Episode ID: MWP-1853
Published: Mar 29
Duration: 21:24
Audio: Direct link
Pipeline: V5
TTS Engine: chatterbox-regular
Script Writing Agent: Gemini 3 Flash
Topics: rag fine-tuning ai-agents

AI-Generated Content: This podcast is created using AI personas. Please verify any important information independently.

The Quest for Real-Time AI Knowledge

One of the biggest bottlenecks for autonomous AI agents today is the gap between real-world events and what the model actually knows. As of 2026, most large language models (LLMs) rely on Retrieval-Augmented Generation (RAG) to access current information. While effective, RAG acts as a crutch, requiring the model to search the web, read a site, and summarize it on the fly. This process introduces latency and consumes context window space. A compelling alternative is emerging: micro-training, a method where models receive tiny, surgical fine-tuning updates every few days to bake new knowledge directly into their parametric memory.
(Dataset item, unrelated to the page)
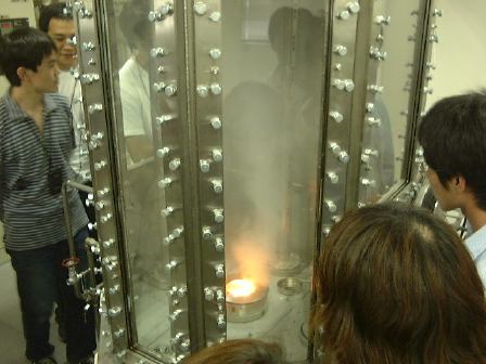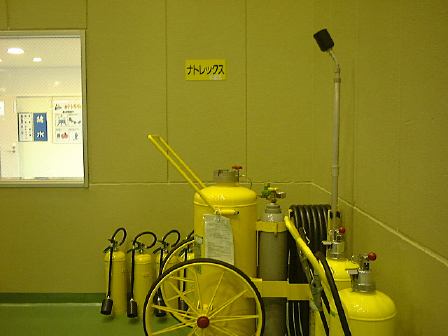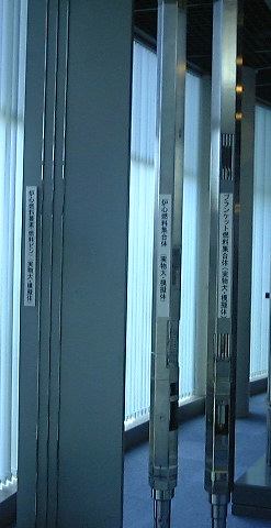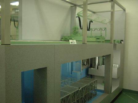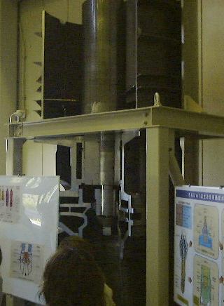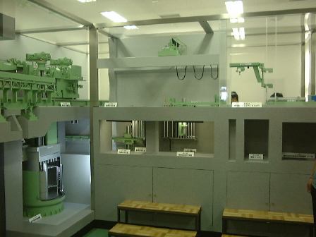 さて続き。現在広く普及している原子力発電は軽水炉型で、ウランが核分裂する時の熱を水を使って冷却し、その結果発生する水蒸気で発電機のタービンを廻す構造をしていますが、「もんじゅ」のような高速増殖炉と呼ばれる型では、水の代わりに液体状の金属ナトリウムを用いて核分裂による熱を伝えて、その熱がさらに外側で循環する水を高圧の水蒸気に変えて、その水蒸気で発電機のタービンを廻す仕組みになっています。このナトリウムが以前漏れたわけですね(ただし2次系なので放射性物質漏れはなし)。で、金属ナトリウムは反応性が高く取扱いに注意を要するため、「もんじゅ」のそばにはナトリウム研修棟が建てられていて、ここでナトリウムの取扱いについての技術などを身につけるようになっているそうです。またすぐ横には保守研修棟も建っていて、そこでは「もんじゅ」の保守点検のための訓練ができるとのこと。ここからの案内は現場で働いている風のおじさんにバトンタッチ。まずはナトリウム研修棟に入り、金属ナトリウムを実際に切ったり、密封したセルの中で燃焼させてみたり、中でナトリウムの消火訓練やナトリウム漏れに対する訓練などができる大きなセル(パノラマ風に)を見たりしました。ちなみにナトリウムの消火には水が使えない(激しく反応するので)ので、専用の黄色いナトレックスという消化剤が置いてあります。どことなく「におわなっとう」に通じるネーミング。ちなみに、納豆が匂うのは発泡スチロール容器に入れるようになったからだということを聞いたような気がします(「美味しんぼ」だったかな)。全然関係ないですが。続いて保守研修棟では、駆動部分がそれぞれ異なる3種類の制御棒が炉心に挿入される(緊急時は重力落下で)一連の流れを手許のパネルで操作できる炉心断面模型や、燃料棒交換の流れを実際の施設同様の流れで見られるようになっている模型(左下が原子炉部分)、その右側部分、そして裏側。別の部屋に移動し、燃料棒交換の研修をするために実物大(建物の関係上高さは縮小)に作られた原子炉交換装置部分や、実験炉「常陽」で実際に使われたナトリウムを循環させるためのポンプ(ナトリウムが空気に触れないようにするために複雑な構造をしている)なども見学しました。

The core challenge of this approach is "catastrophic forgetting." Neural networks are prone to overwriting old data when trained on new information. Imagine a chalkboard full of complex equations; to write a new sentence, you must erase something. If a model is fine-tuned exclusively on news from March 2026, it might lose its ability to write Python code or understand historical context. A 2025 study by Stanford showed that fine-tuning on recent data can reduce accuracy on older benchmarks by up to 30% without specific mitigations. The goal is to balance plasticity (learning new things) with stability (retaining old knowledge).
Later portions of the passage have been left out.